RECORDED INFORMATION:
•••••
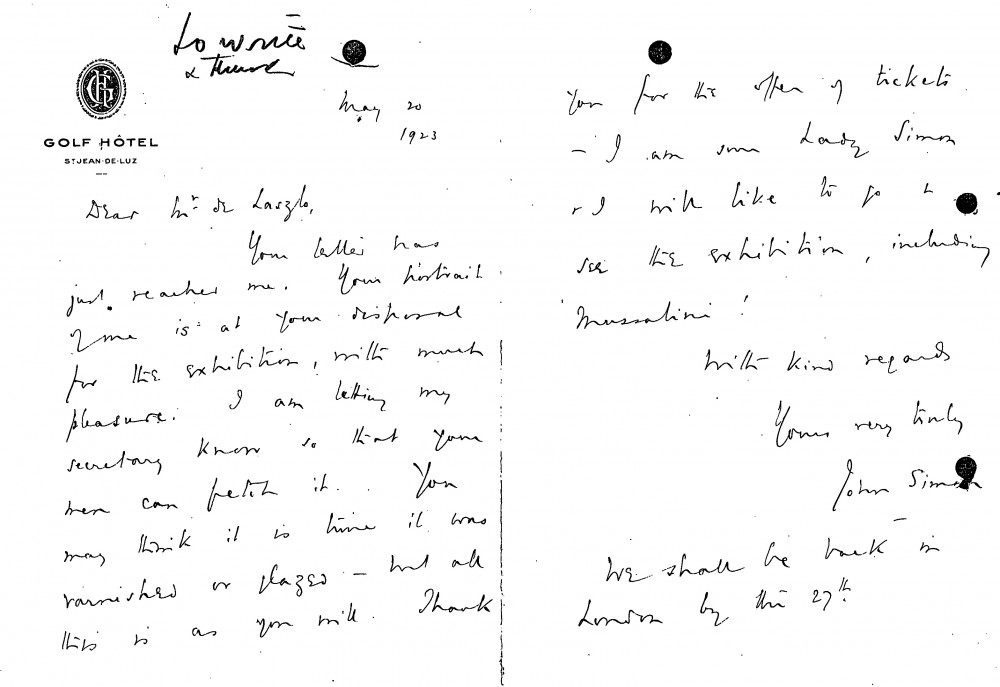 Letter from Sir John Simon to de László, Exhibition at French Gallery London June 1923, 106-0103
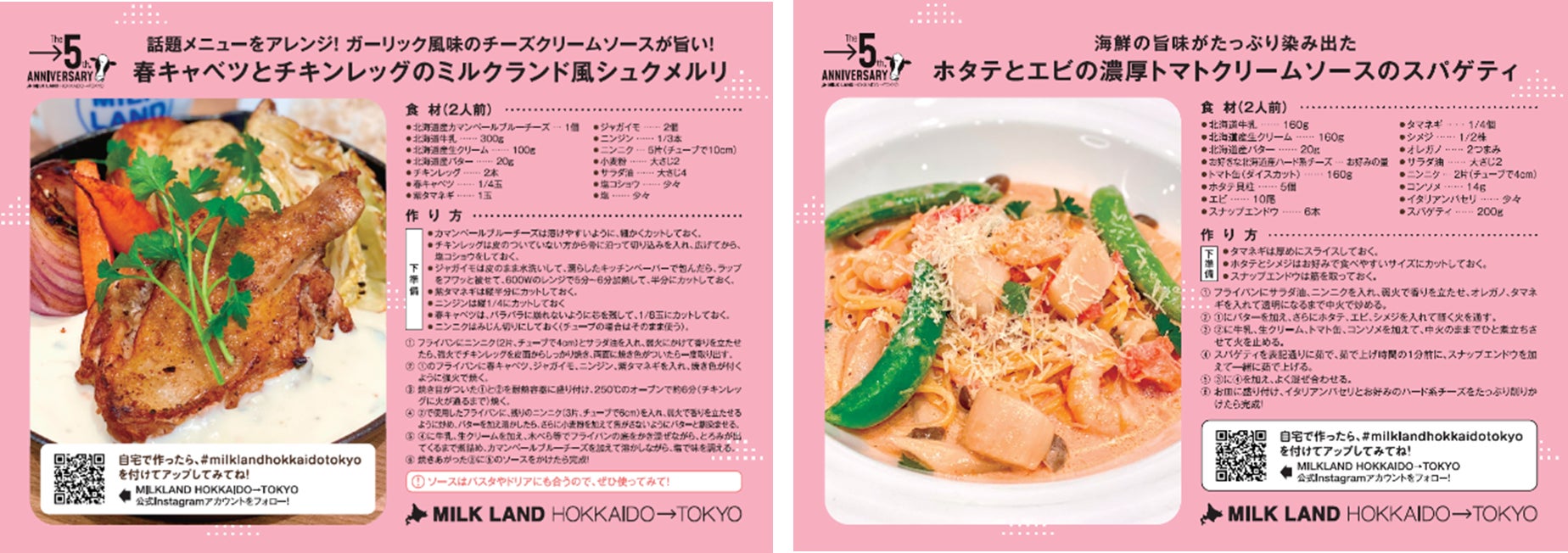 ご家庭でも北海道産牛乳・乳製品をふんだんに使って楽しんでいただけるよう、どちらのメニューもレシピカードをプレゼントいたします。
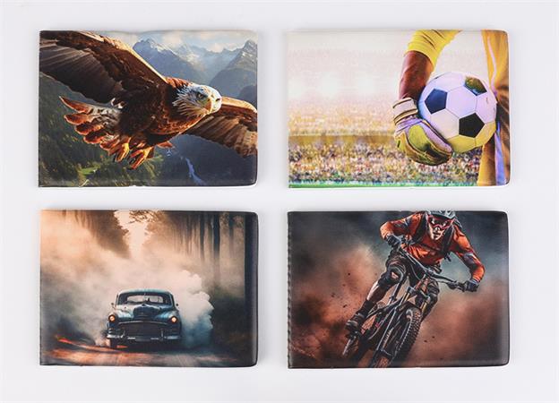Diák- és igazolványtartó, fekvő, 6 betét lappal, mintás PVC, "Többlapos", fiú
•••••
TASK STATEMENT:
Beginning at the line with "ご家庭でも北海道産牛乳・乳製" and ending at the last line of the listing above, retype each line exactly, including those two lines. Leave the pictures out.

EXERCISE RESULT:
 ご家庭でも北海道産牛乳・乳製品をふんだんに使って楽しんでいただけるよう、どちらのメニューもレシピカードをプレゼントいたします。
Diák- és igazolványtartó, fekvő, 6 betét lappal, mintás PVC, "Többlapos", fiú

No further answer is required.